The Christian's Permission

“To the praise of the glory of his grace, wherein he hath made us accepted in the beloved.” (Ephesians 1:6)

The high priest of Israel wore the inscription “holiness to the LORD” to illustrate to all who obeyed God that they were “accepted before the LORD” (Exodus 28:36-38). Joshua, as a type of all believers, was granted “places to walk” in the courts of God (Zechariah 3:7). Christ’s disciples were commanded to “ask” the Father for “whatsoever,” since they were chosen and ordained to “bring forth fruit” (John 15:16). We have permission to “ask, and it shall be given you; seek, and ye shall find; knock, and it shall be opened unto you” (Matthew 7:7).

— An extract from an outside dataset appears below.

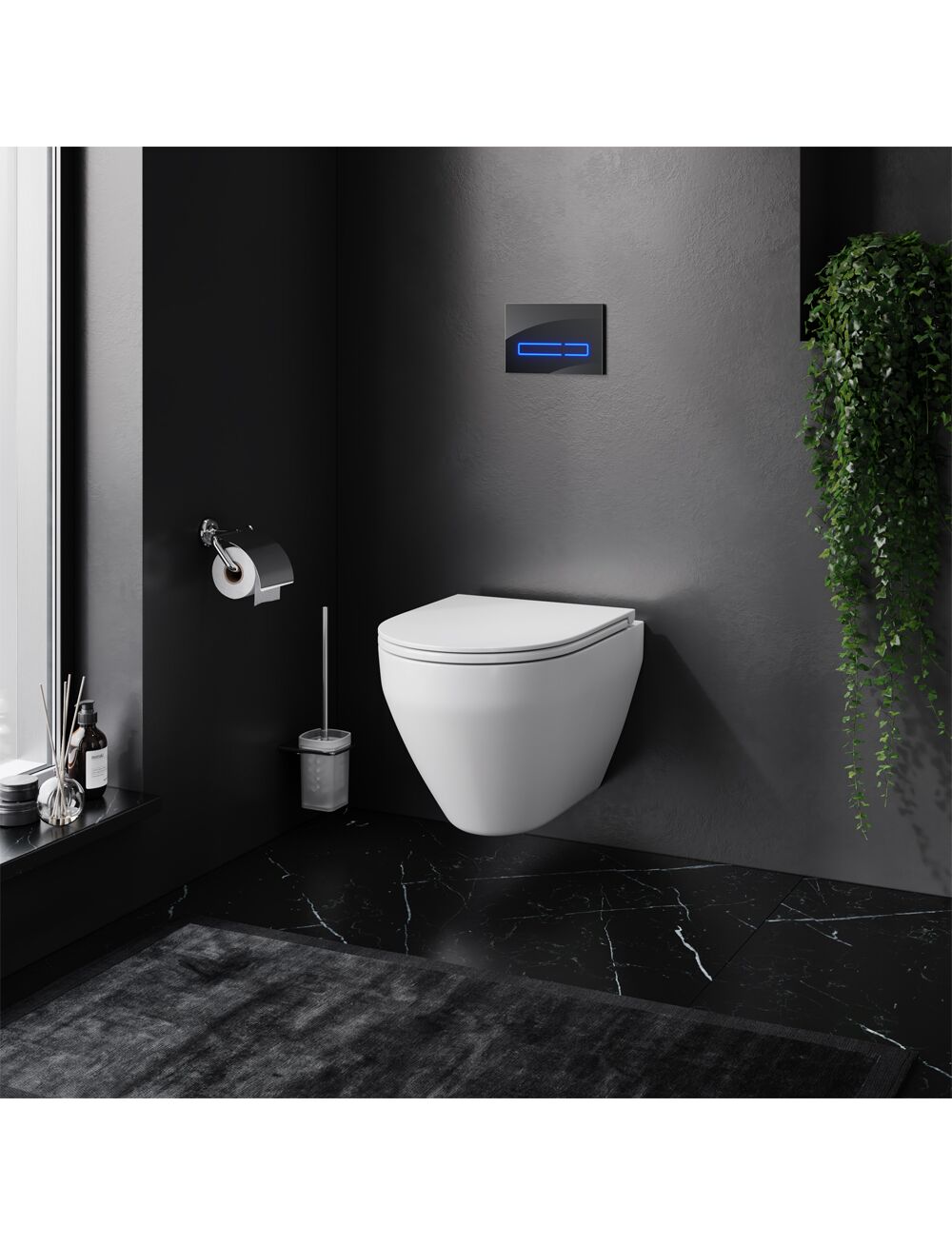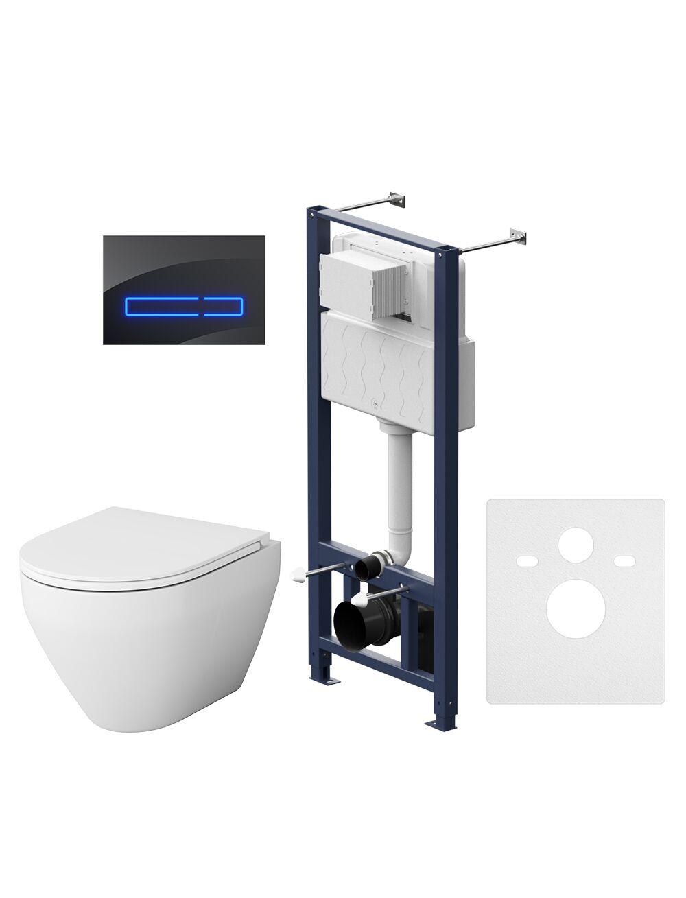 - Полностью готовый к установке комплект: система инсталляции с клавишей, подвесной унитаз сиденьем.
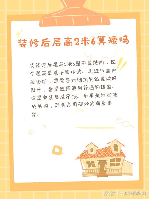 装修完后层高2米6不算矮。以下是对该问题的详细解符合国家标准:按国家规定标准,房屋室内净高不应低于20米。现在普通的室内吊顶离地一般是4米至6米。因此,装修后层高6米是符合国家标准且比较合理的。

But there is more! Not only are we accepted, we are “sealed with that holy Spirit of promise” (Ephesians 1:13), an “earnest [down payment, deposit] of our inheritance” (v. 14). We are “stablishe[d]...anointed...sealed” (2 Corinthians 1:21-22).

We are “confirmed” in everything (1 Corinthians 1:4-8), consecrated and sanctified to serve (Exodus 28:41; 1 John 2:27), and given the “earnest of the Spirit” (2 Corinthians 5:5) to empower our ministry.

The Holy Spirit does His work through a threefold ministry in our lives. He will work on Christ’s behalf, through our witness, to bring conviction to those not yet in Christ (John 16:7-11). He will also minister to us as the teacher of our spirits to guide us into all truth (John 16:13; 14:17, 26; 15:26).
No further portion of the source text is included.